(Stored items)
###

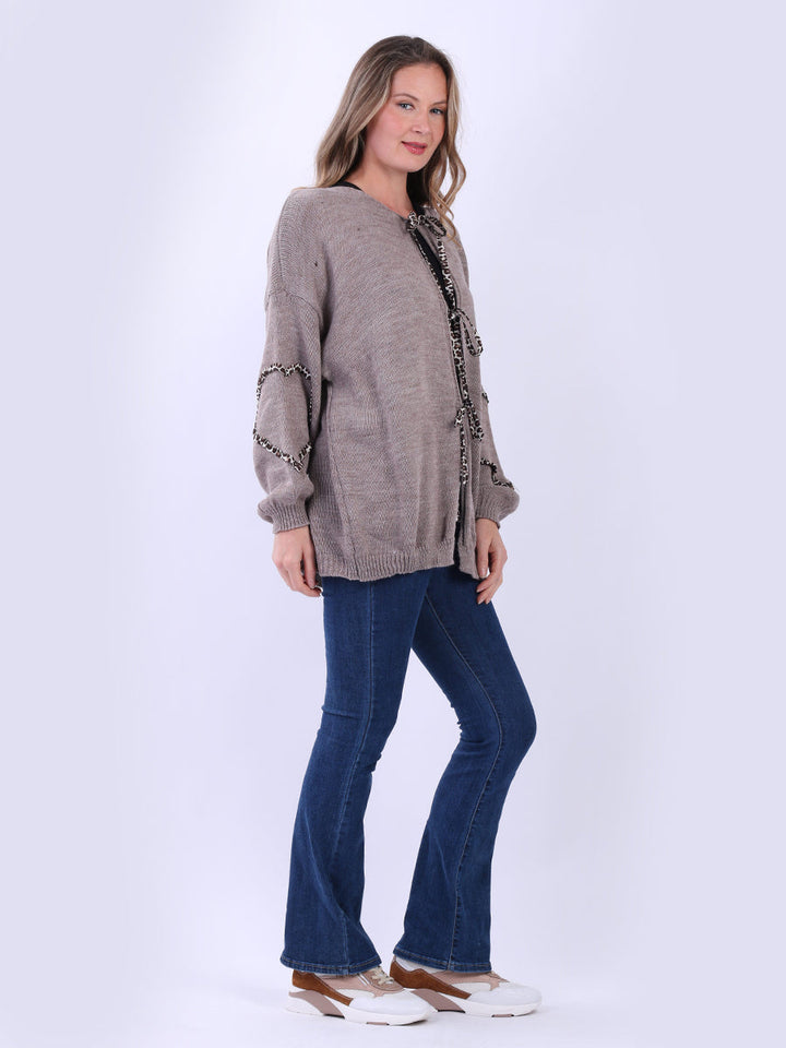 This knitted cardigan from Redwholesale Manchester is designed with women wearers in mind who want both sophistication and style. The delicate leopard trim tie details add a bold feminine touch, while the baggy silhouette keeps it cozy. Perfect for fall layering, this casual piece is easy to pair with any winter wardrobe.
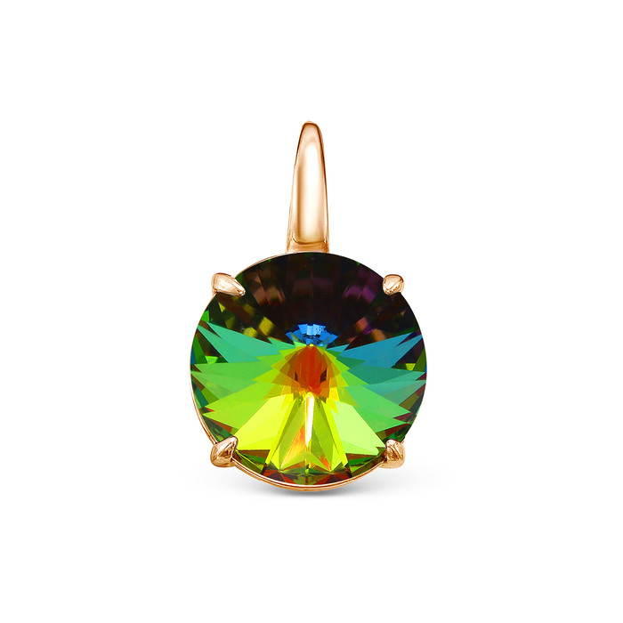 Подвеска из золочёного серебра с кристаллом премиум австрия Мистик зелёный 925 п
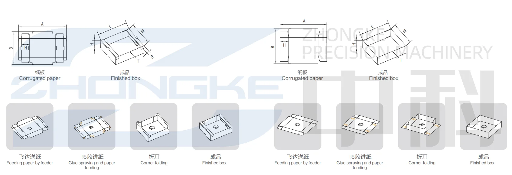 2. 盒子大小规格和运行速度受面纸尺寸及制作盒子模式的约束。
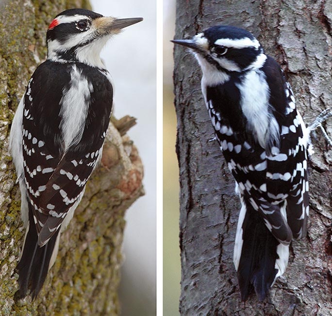 One other way to tell the two apart is that the downy seems more enterprising. It generally offers you 9 to 16 drumrolls per minute during breeding season, pausing only a few seconds between each rendition. From the hairy woodpecker, you might only hear half as many drumrolls per minute — about four to nine of them.
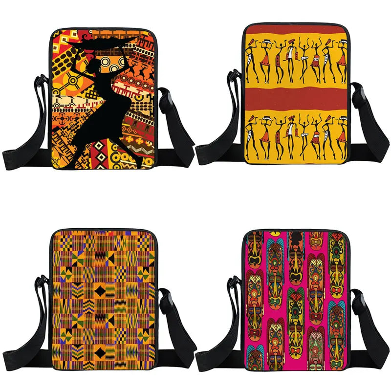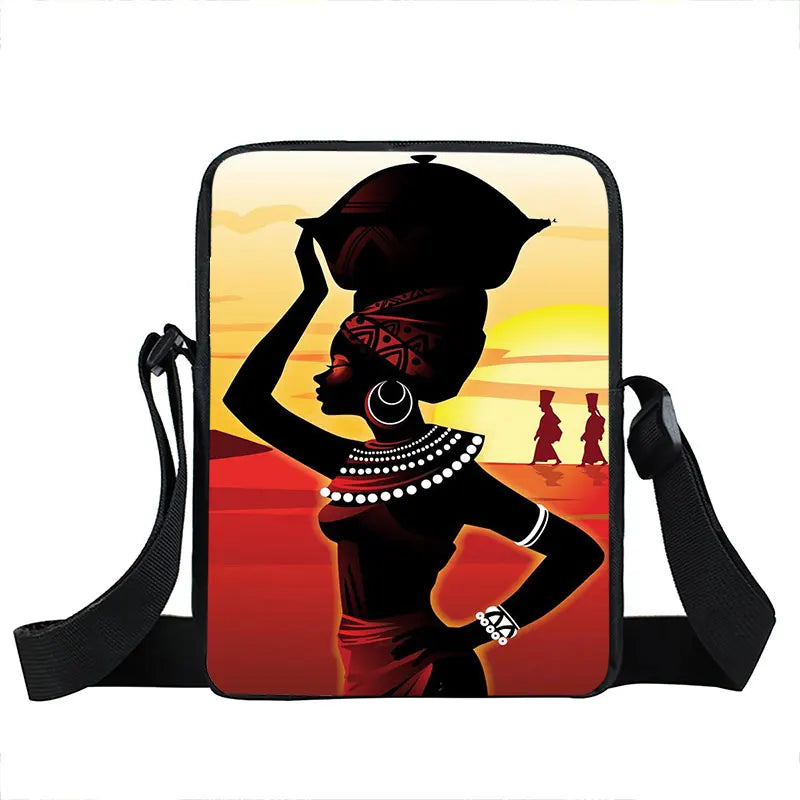 This stylish messenger bag features an Afro pattern design inspired by Africa. It can be used as a shoulder bag, crossbody bag, or small clutch. Made of durable canvas, it is perfect for carrying books, essentials, and more.
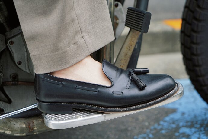 「このインディアンはハンドシフトなので、シューズに制約がなく、自由なスタイルで乗れるのが醍醐味。今日はグラッドハンドが得意とする都会的なリゾートスタイルでコーディネイト。スラックスにオープンカラーシャツを合わせ、足元はグラッドハンドとリーガルのタッセルで季節感を出しています」
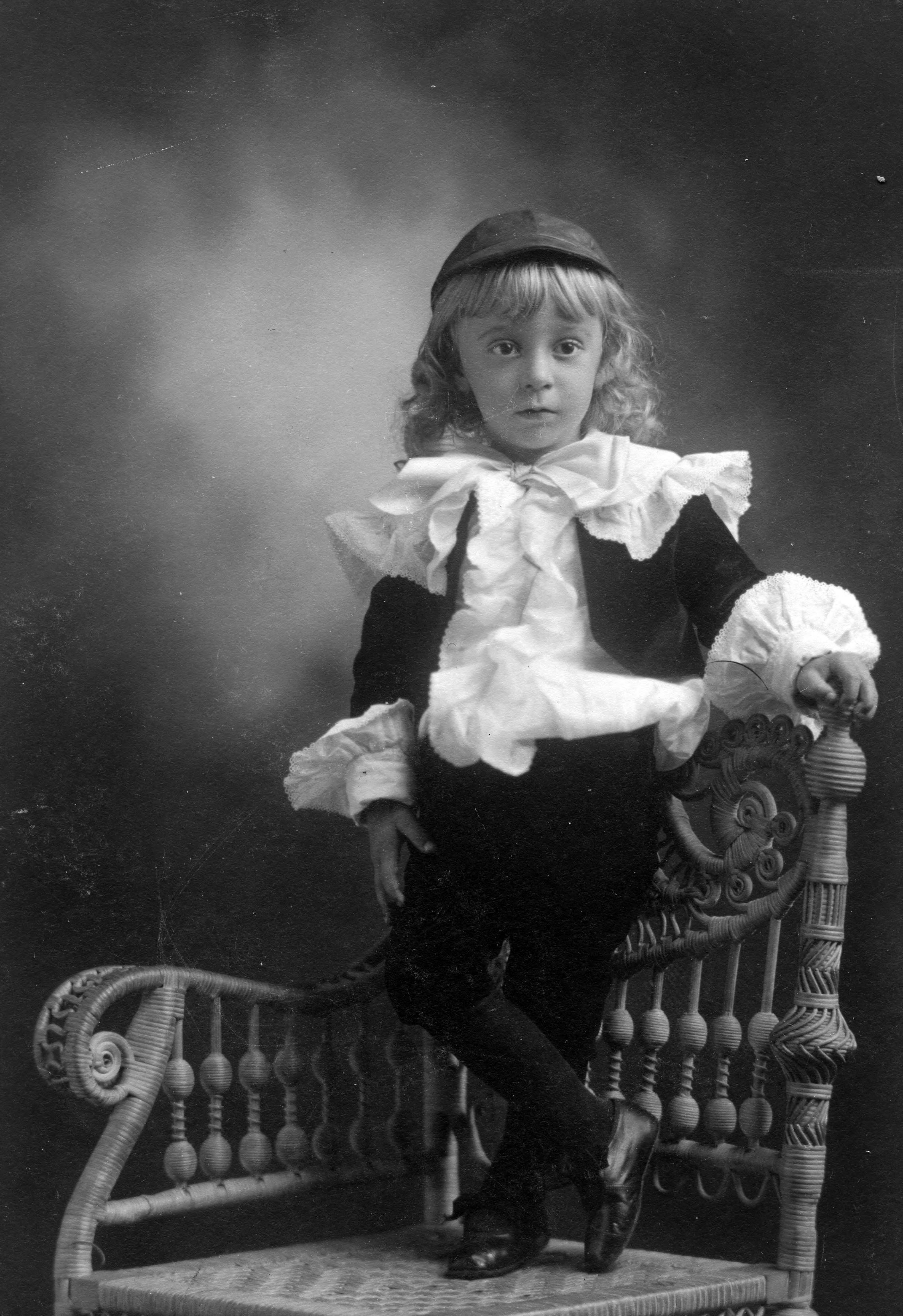 Unidentified little boy, with long blonde curls, and dressed in pants and jacket with a fancy shirt, standing on the seat of a chair. He is wearing a cap. This appears similar to pictures of the Little Lord Fauntleroy style. It is believed that August Illing had family in Little Rock, AR, so this boy might be part of this family, as he is identified as an Illing family relative.
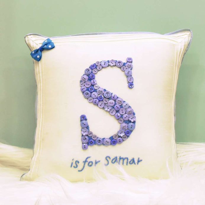 Monogrammed Button Cushion | Blue
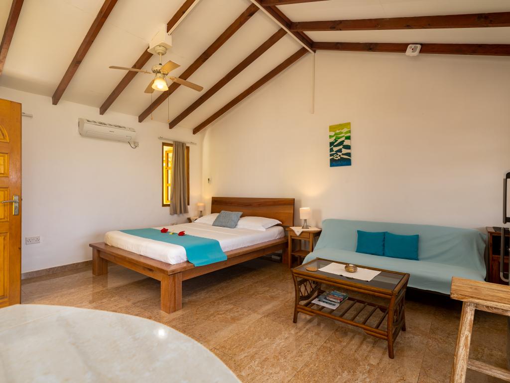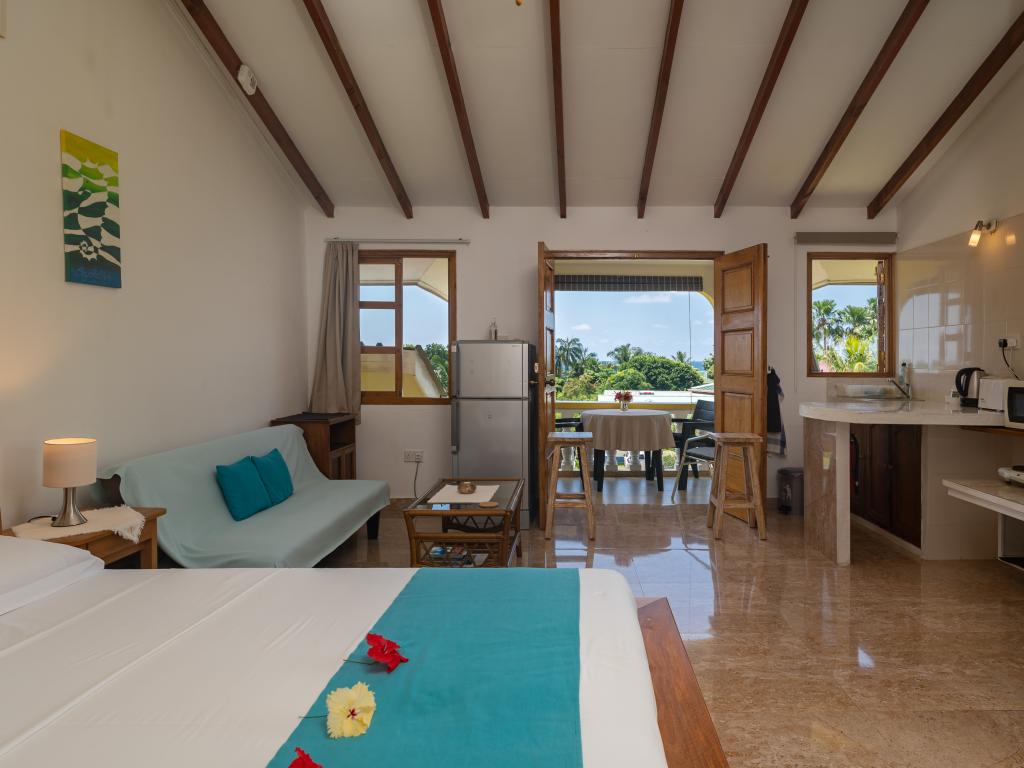 Situé à 10/15 min au sud de l’aéroport de Mahé, il est très bien placé pour visiter l’île.
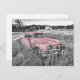 Ein atemberaubend rosa Vintages, klassisches Auto vor schwarz-weißem Hintergrund sorgt für ein einzigartiges Design
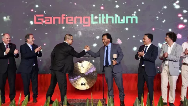 El momento cumbre de la ceremonia oficial, que marcó el inicio de la producción, fue a través del tradicional golpe de gong chino, que estuvo a cargo de Sáenz junto a Xioashen Wang, presidente de Ganfeng Lithium CO.; a quien acompañaron Jason Luo, presidente de Ganfeng Lithium Sudamérica, y el secretario de Minería de la Nación, Luis Lucero.
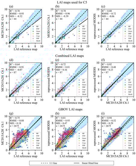 Validation of MODIS C6.1 LAI products and reprocessed LAI data against (a–c) reference maps used in the validation of MOD C5 LAI [55], (d–f) combined LAI reference maps (VALERI, BigFoot, Boston University, SMEX02, and ImagineS datasets), and (g–i) GBOV LAI reference maps. The shaded area stands for the uncertainty agreement ratio [1,74], and the distance between the diagonal and the upper or lower bound of the shaded area is equal to the greater 20% of the reference map value and 1 m2 m−2. “MD” is the average difference between the LAI values shown on the y and x axes.
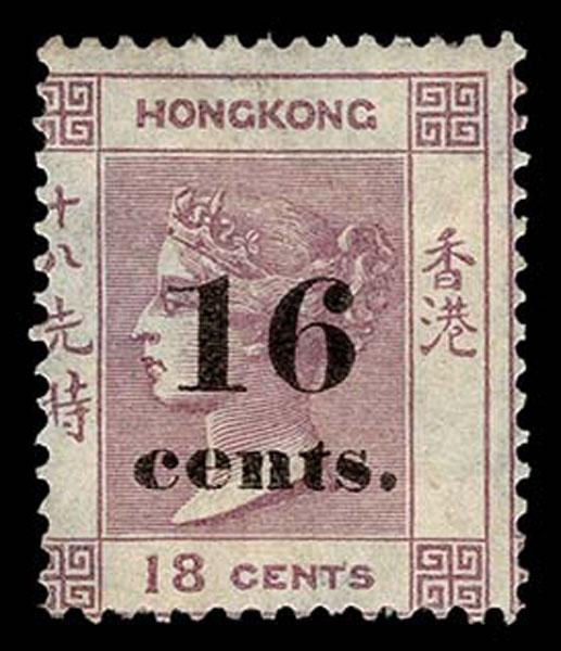 HONG KONG: 1877 16c on 18c lilac, trace of gum, fine. (Scott 29 $3,000 ) Sale and Lot Updates Scott $3,000 (Image)
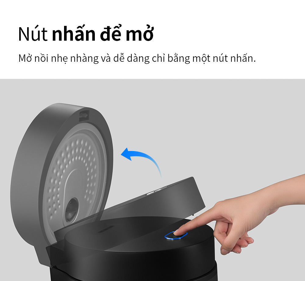 Nút nhấn để mở: Mở nồi nhẹ nhàng và dễ dàng chỉ bằng một nút nhấn.

###

The pictures in the data should be omitted, and every remaining line set down exactly.

§ **RESULT**:
 This knitted cardigan from Redwholesale Manchester is designed with women wearers in mind who want both sophistication and style. The delicate leopard trim tie details add a bold feminine touch, while the baggy silhouette keeps it cozy. Perfect for fall layering, this casual piece is easy to pair with any winter wardrobe.
 Подвеска из золочёного серебра с кристаллом премиум австрия Мистик зелёный 925 п
 2. 盒子大小规格和运行速度受面纸尺寸及制作盒子模式的约束。
 One other way to tell the two apart is that the downy seems more enterprising. It generally offers you 9 to 16 drumrolls per minute during breeding season, pausing only a few seconds between each rendition. From the hairy woodpecker, you might only hear half as many drumrolls per minute — about four to nine of them.
 This stylish messenger bag features an Afro pattern design inspired by Africa. It can be used as a shoulder bag, crossbody bag, or small clutch. Made of durable canvas, it is perfect for carrying books, essentials, and more.
 「このインディアンはハンドシフトなので、シューズに制約がなく、自由なスタイルで乗れるのが醍醐味。今日はグラッドハンドが得意とする都会的なリゾートスタイルでコーディネイト。スラックスにオープンカラーシャツを合わせ、足元はグラッドハンドとリーガルのタッセルで季節感を出しています」
 Unidentified little boy, with long blonde curls, and dressed in pants and jacket with a fancy shirt, standing on the seat of a chair. He is wearing a cap. This appears similar to pictures of the Little Lord Fauntleroy style. It is believed that August Illing had family in Little Rock, AR, so this boy might be part of this family, as he is identified as an Illing family relative.
 Monogrammed Button Cushion | Blue
 Situé à 10/15 min au sud de l’aéroport de Mahé, il est très bien placé pour visiter l’île.
 Ein atemberaubend rosa Vintages, klassisches Auto vor schwarz-weißem Hintergrund sorgt für ein einzigartiges Design
 El momento cumbre de la ceremonia oficial, que marcó el inicio de la producción, fue a través del tradicional golpe de gong chino, que estuvo a cargo de Sáenz junto a Xioashen Wang, presidente de Ganfeng Lithium CO.; a quien acompañaron Jason Luo, presidente de Ganfeng Lithium Sudamérica, y el secretario de Minería de la Nación, Luis Lucero.
 Validation of MODIS C6.1 LAI products and reprocessed LAI data against (a–c) reference maps used in the validation of MOD C5 LAI [55], (d–f) combined LAI reference maps (VALERI, BigFoot, Boston University, SMEX02, and ImagineS datasets), and (g–i) GBOV LAI reference maps. The shaded area stands for the uncertainty agreement ratio [1,74], and the distance between the diagonal and the upper or lower bound of the shaded area is equal to the greater 20% of the reference map value and 1 m2 m−2. “MD” is the average difference between the LAI values shown on the y and x axes.
 HONG KONG: 1877 16c on 18c lilac, trace of gum, fine. (Scott 29 $3,000 ) Sale and Lot Updates Scott $3,000 (Image)
 Nút nhấn để mở: Mở nồi nhẹ nhàng và dễ dàng chỉ bằng một nút nhấn.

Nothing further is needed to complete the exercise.